私は一夏を見つけることを第一目標にして、この6年間を全て費やした。

他の目標なんてそんなに見つけられなかったというのもある。

叶うのなら、一夏を見つけ、昔のことなんて見向きすることが出来ないような、新しい未来を創ろうと決めていたから。

でも、それがどんな未来なのかはまだハッキリと見えてはいないのかもしれない、そう思ってしまう。

 

「どうしたのよ鈴?」

 

「ううん、なんでもない」

 

もしかしたら、もしかしたらウェイルは一夏かもしれない。

そう思ってずっと接していたけれど、今になってもその兆候が見え隠れし続けているけれど、確信にはどうしても至らない。

共通点が多少は在るけれど、今ではそれだけだものね。

 

もしも、私の予想が当たっていたら嬉しいとは思うけど、ウェイルにとってはこの学園に来てからの態度は初対面のそれだった。

 

もしも、私の予想が間違っていたら私の勘違いだったというだけであり、今後も友人としての付き合いをすればいいだけ。

調査は何もかもやり直しにはなるけど、ね。

 

「なにもかも遠いなぁ、なんて思っただけよ」

 

今度の夏休みにはウェイルはイタリアに帰るのだとも語ってみせていた。

そうなってしまったら、今以上に近づくのも難しいと思う。

欲を言えば、この一学期の期間で、私の予想が的中していたのか、的外れだったのかの確信を得ておきたい。

 

廊下から空を見上げれば、星が空を埋め尽くしている。

私の掲げる目標は、あの星の更に遠くに存在しているかもしれない。

でも、いつかは掴んでやる…!

 

「そういえば…一夏の家は不審火で燃え落ちたのよね…」

 

先日聞いた話を思い出す。

少なくとも、一夏を閉じ込めようとする場所は失われている、それも物理的に。

あの輝く牢獄が失われ、一夏の所有物も何もかも失われてしまっているだろうとは思う。

もとよりあの場所にはもう何も手掛かりらしきものは残っていないだろうから、私としてどうでもいい。

残されたものは、私の手元に存在している鞄一つだけ。

遺品ではなく、預かりものという扱いで手元に置き、使わせてもらっている。

これを返せる日は近いのだと思っていたけど、未だに先の見えない道の上に居るのかもしれない。

 

「まだまだ道半ば、か…」

 

この日の夜は、少しだけ涼やかな風が流れていた。

だけど、私はこの時にはまだ知らなかった。

地獄の門は、開け放たれたままだということを。

 

 

♪ ♪ ♪ ♪ ♪ ♪ ♪

 

 

鈴さんが部屋を後にしてから、私は床に就いた。

この日本の旅館の部屋にはベッドは無く、草で編まれた床、鈴さんが言う『タタミ』の上に布団を敷き、それで眠るのだと教わりました。

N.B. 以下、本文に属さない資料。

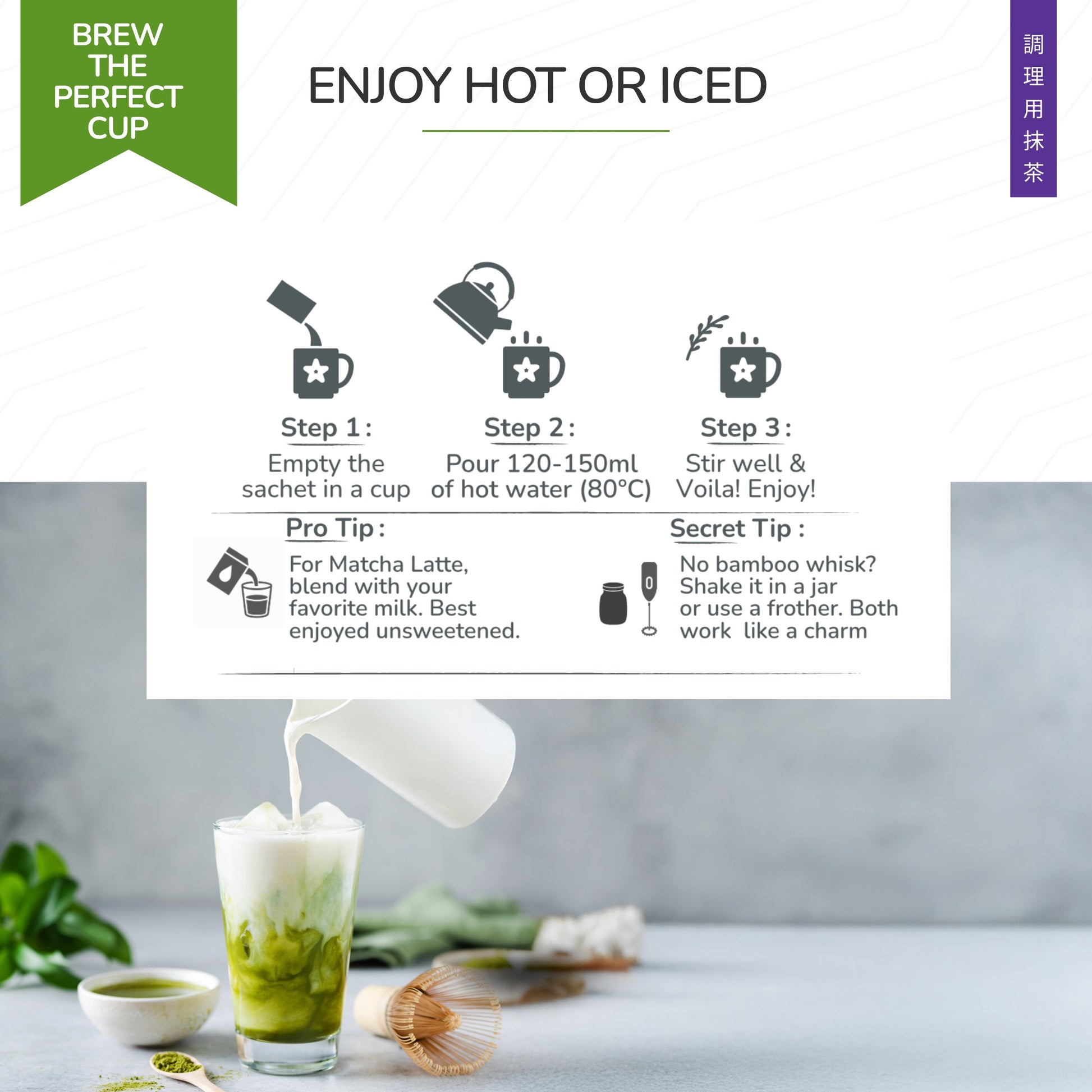 Chaque sachet est pré-portionné, scellé pour préserver la fraîcheur et protégé de la lumière - conservant ainsi la couleur, la puissance et la saveur intactes jusqu'au moment de l'ouverture. Notre procédé MicroMill™ broie les feuilles en particules ultra-fines, de sorte que la poudre se mélange en douceur sans grumeaux. Pas de tamisage, pas de fouet, pas d'étapes supplémentaires.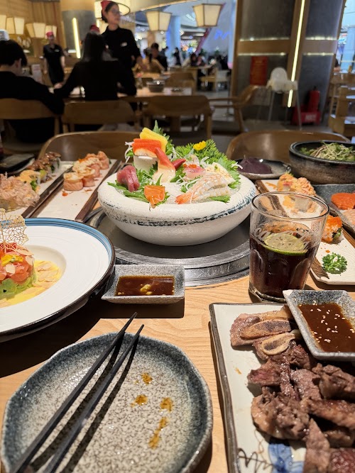Tuy không đặt trước nhưng đi sớm nên được xếp ngồi bàn ngoài, sát lối đi lại. Đầu tiên là được phát cho ipad để gọi món những ipad lỗi, vẫn phải gọi nhân viên ra để gọi xác nhận lại bt. Sau khi lên được đậu nành lông thì mãi về sau mới lên set sashimi. Nhân viên bê ra không mang set đồ chấm và cuốn, mình đợi mãi không gọi được nhân sự , làn 2 gọi 1 bạn khác đang phục vụ gần đó, kêu mang đồ chấm ra bạn chạy đi và không thấy quay lại luôn.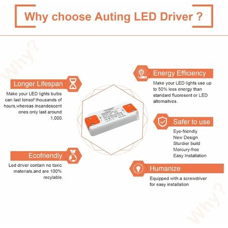 Caractéristiques de l’unité de puissance d’entraînement : pas de charge minimale ; pas de bruit de transformateur ; pas de scintillement LED, protection contre les surtensions et les courts-circuits.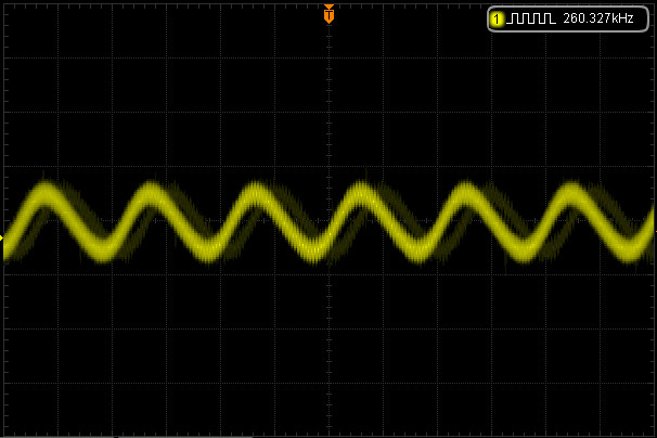 On the bottom there are two N type RF connectors, and I reasoned that if I put the oscilloscope on them I should be able to see something happening as I manipulated the controls. One of the connectors didn’t seem to have anything of interest going on, but on the second I saw the confirmation I was looking for:
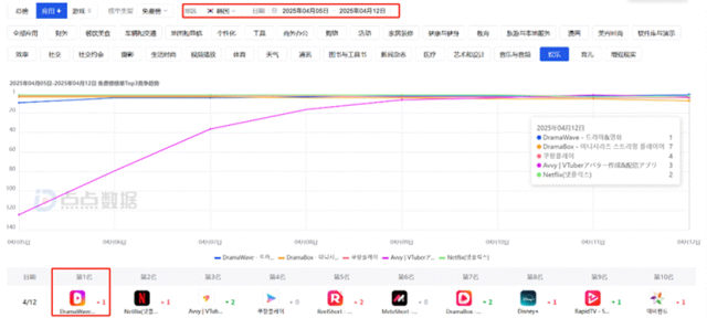 截至2025年3月,DramaWave月活躍用戶量已突破1000萬大關,用戶規模成功躋身行業前五,穩居出海短劇賽道第一梯隊。平臺旗下爆款短劇《訂婚風暴》表現強勁,上線僅5天播放量便突破千萬大關。在該劇的推動下,DramaWave自4月5日起成功躋身韓國Google Play娛樂應用榜TOP 10,并持續逼近長期占據領先地位的Netflix。隨后,其市場表現進一步攀升,于4月12日登頂該榜單榜首,并連續霸榜四天,實現在韓國市場對Netflix的超越。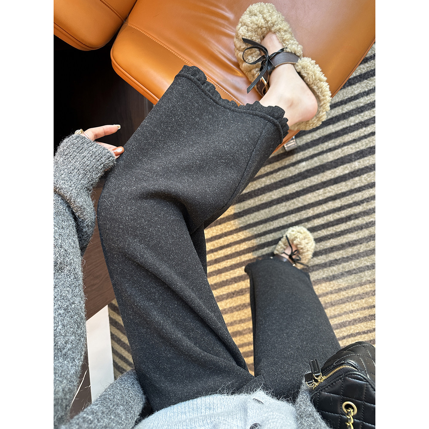 满分时髦!~灰色花边阔腿休闲裤女秋冬新款加厚宽松九分直筒裤子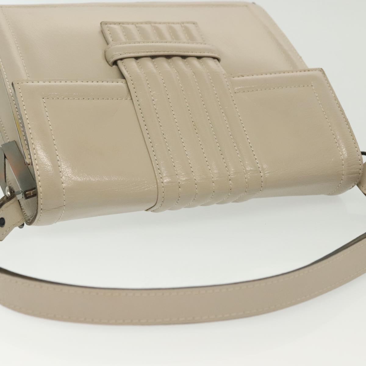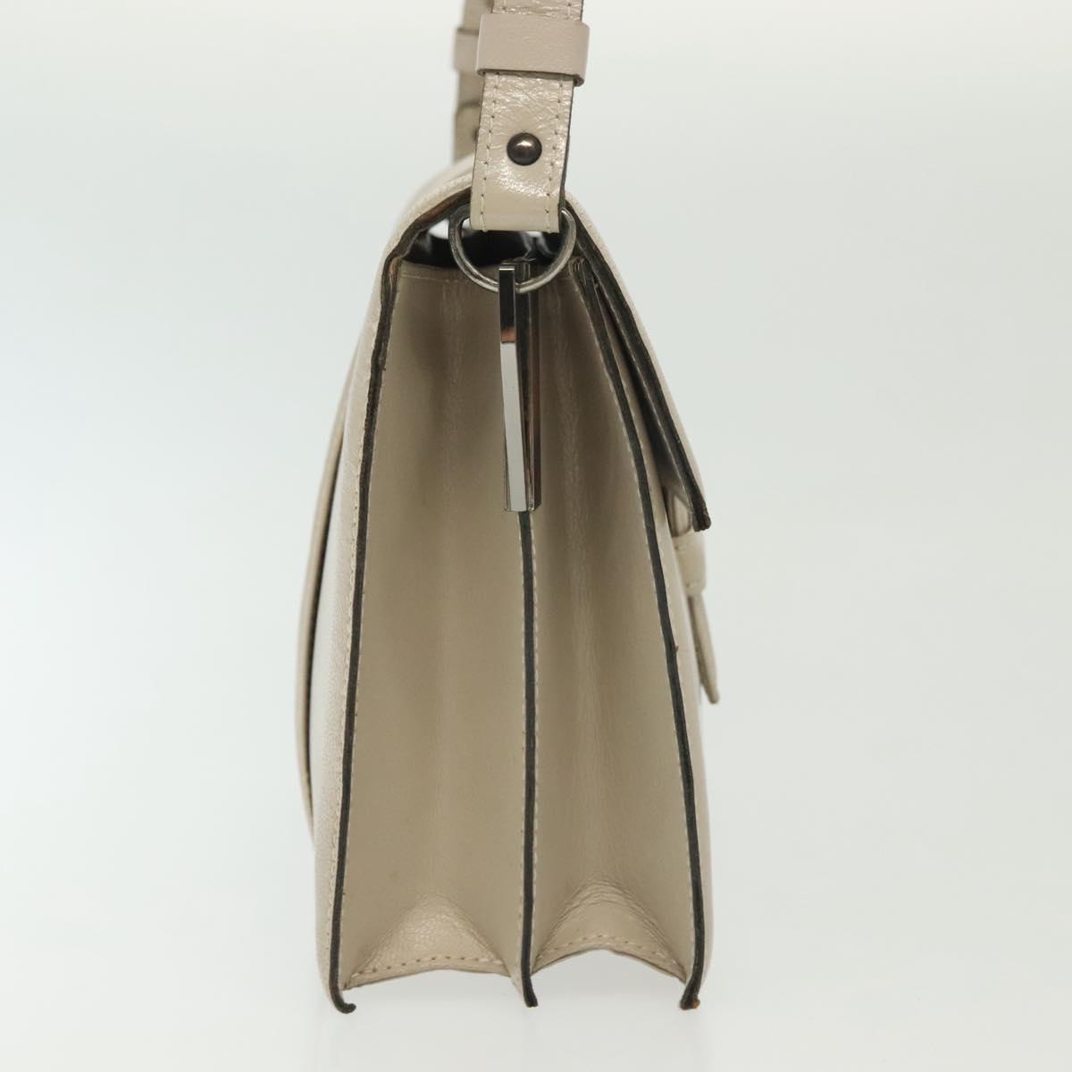 SAINT LAURENT Shoulder Bag Leather White Silver Auth yk19372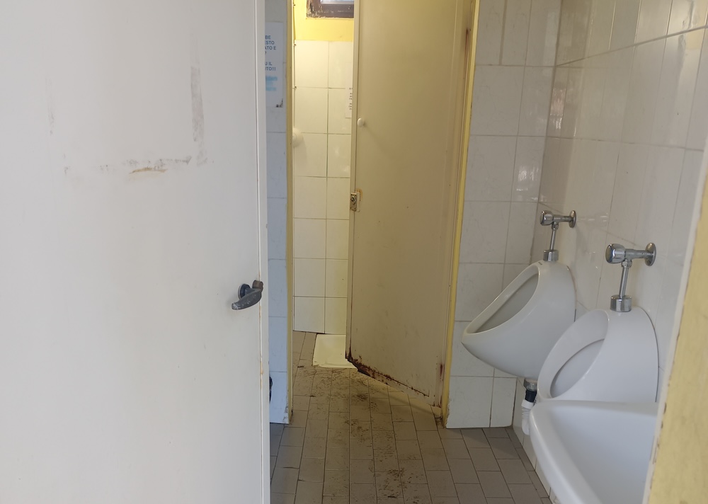 Entrando nei servizi igienici, Monti e Fabbri hanno riscontrato una situazione definita fortemente critica: bagni fuori uso, in condizioni di degrado, con evidenti segni di vandalismo e, in alcuni casi, completamente inaccessibili alle persone con disabilità.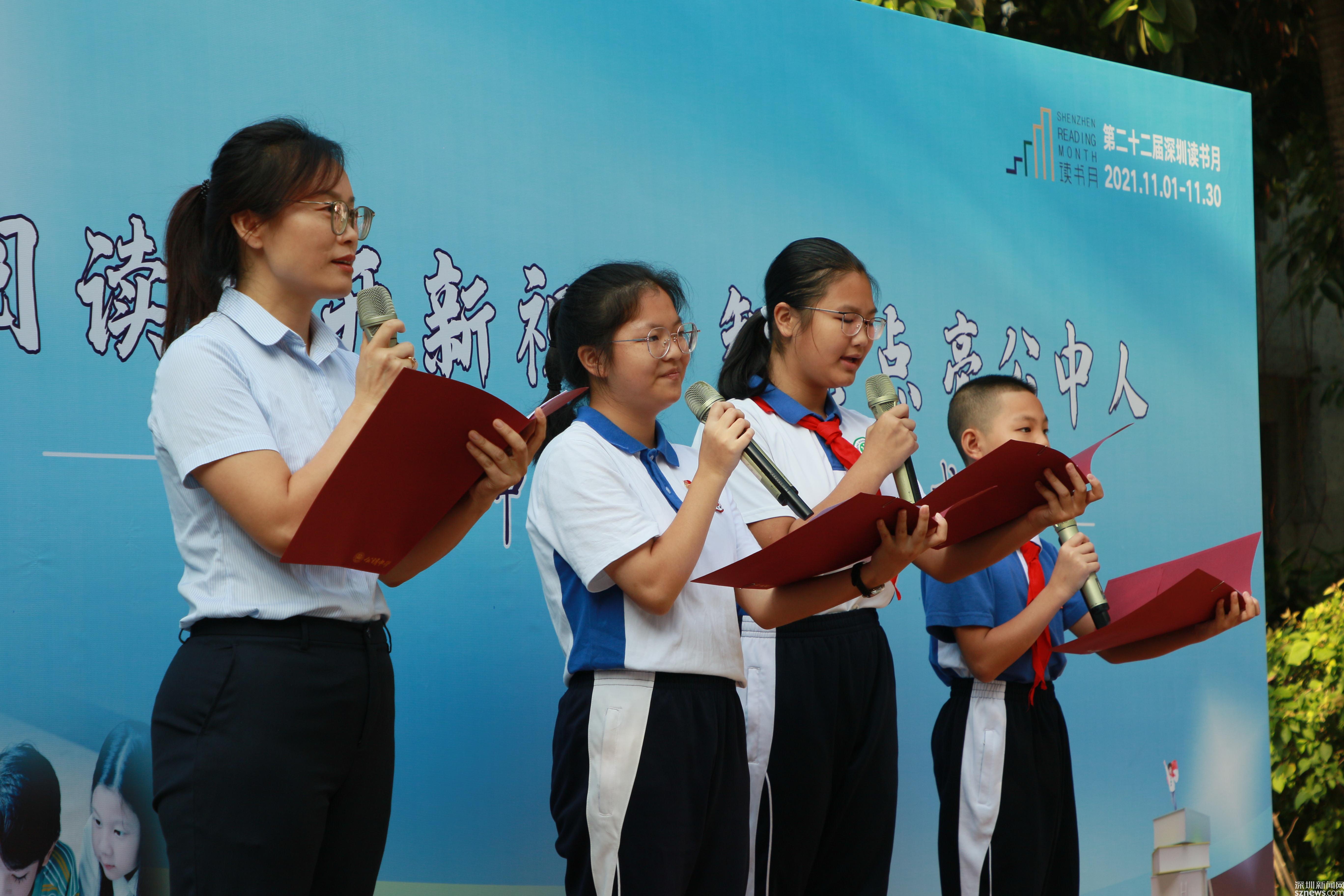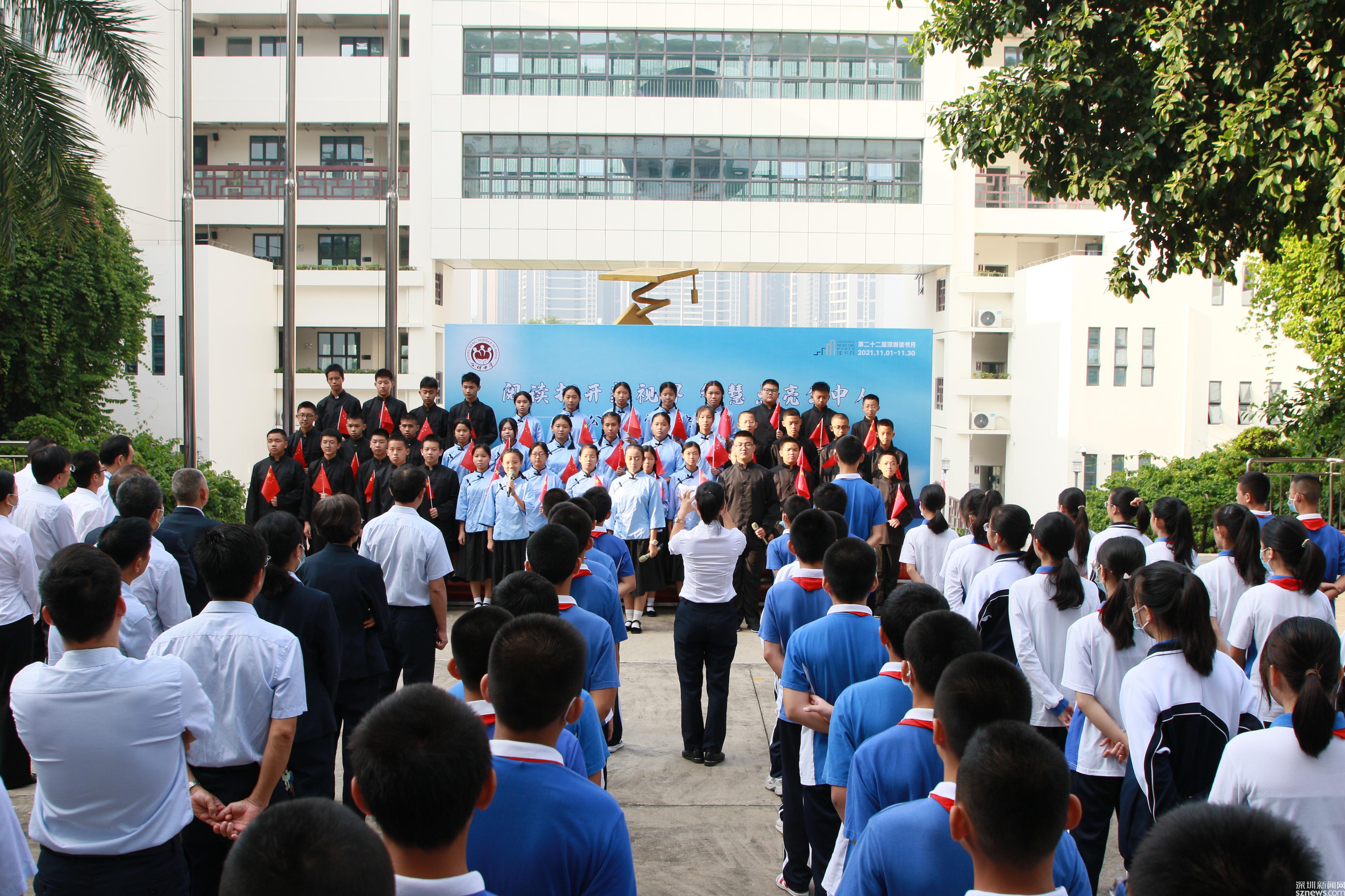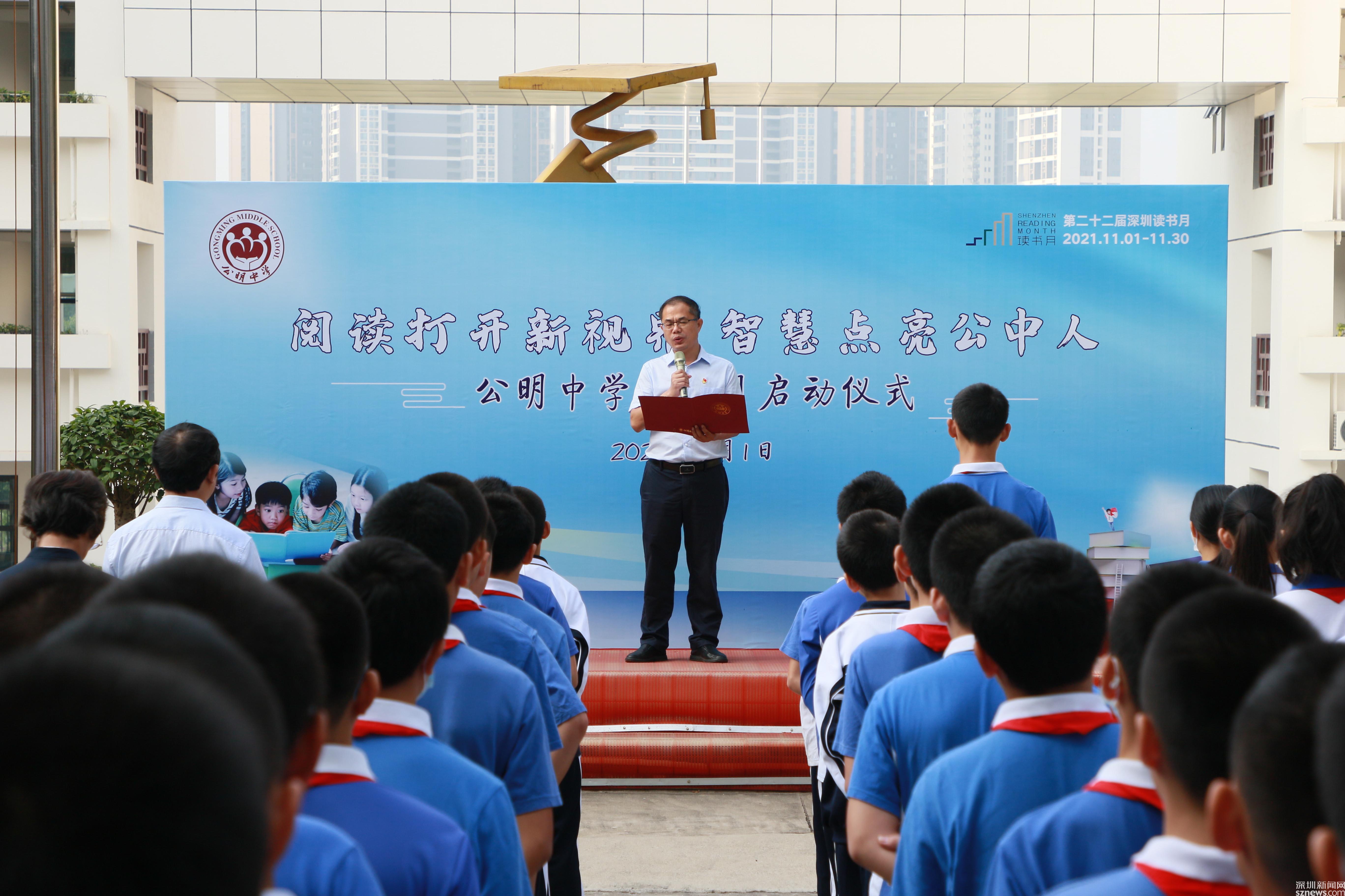 讀特客戶端·深圳新聞網(wǎng)2021年11月2日訊 (記者 曹園芳 通訊員 丘翹楚 劉小云 曾靜敏)為弘揚(yáng)“尊重知識崇尚文明”的閱讀理念,培養(yǎng)師生良好的閱讀習(xí)慣,營造智雅的學(xué)習(xí)氛圍,塑造濃郁書香學(xué)習(xí)型校園,11月1日上午,深圳市光明區(qū)公明中學(xué)組織開展了本年度讀書月啟動儀式,全校師生參加了活動,活動由初二(5)班譚欣怡同學(xué)主持。

イタリアの実家とも、学園の部屋とも違う風習に少しだけ違和感を感じつつも、眠りについた。

深夜、少しだけ眠気が弱くなっては目が覚める。

 

「お兄さんの様子は…」

 

イタリアに居た頃から、夢見が悪くなってお兄さんは魘される事が時折見受けられ、お姉さんや両親も夜な夜な様子を見に来ることがあった。

私も気になっていましたが、両親達とは違って夜中に眠気がなくなるという経験が多くなく、こうやって様子を見る機会はとても少ない。

 

「…良かった…」

 

今は静かに眠っている。

夢見が悪い時には、夥しい汗を流しながら、苦しむような表情を見せることもあったから、私としては何もできない自分がもどかしかった。

無理してまで起こしても、お兄さんは夢の内容を殆ど覚えていないことが大半で、その苦しみを取り除く事も出来なかった。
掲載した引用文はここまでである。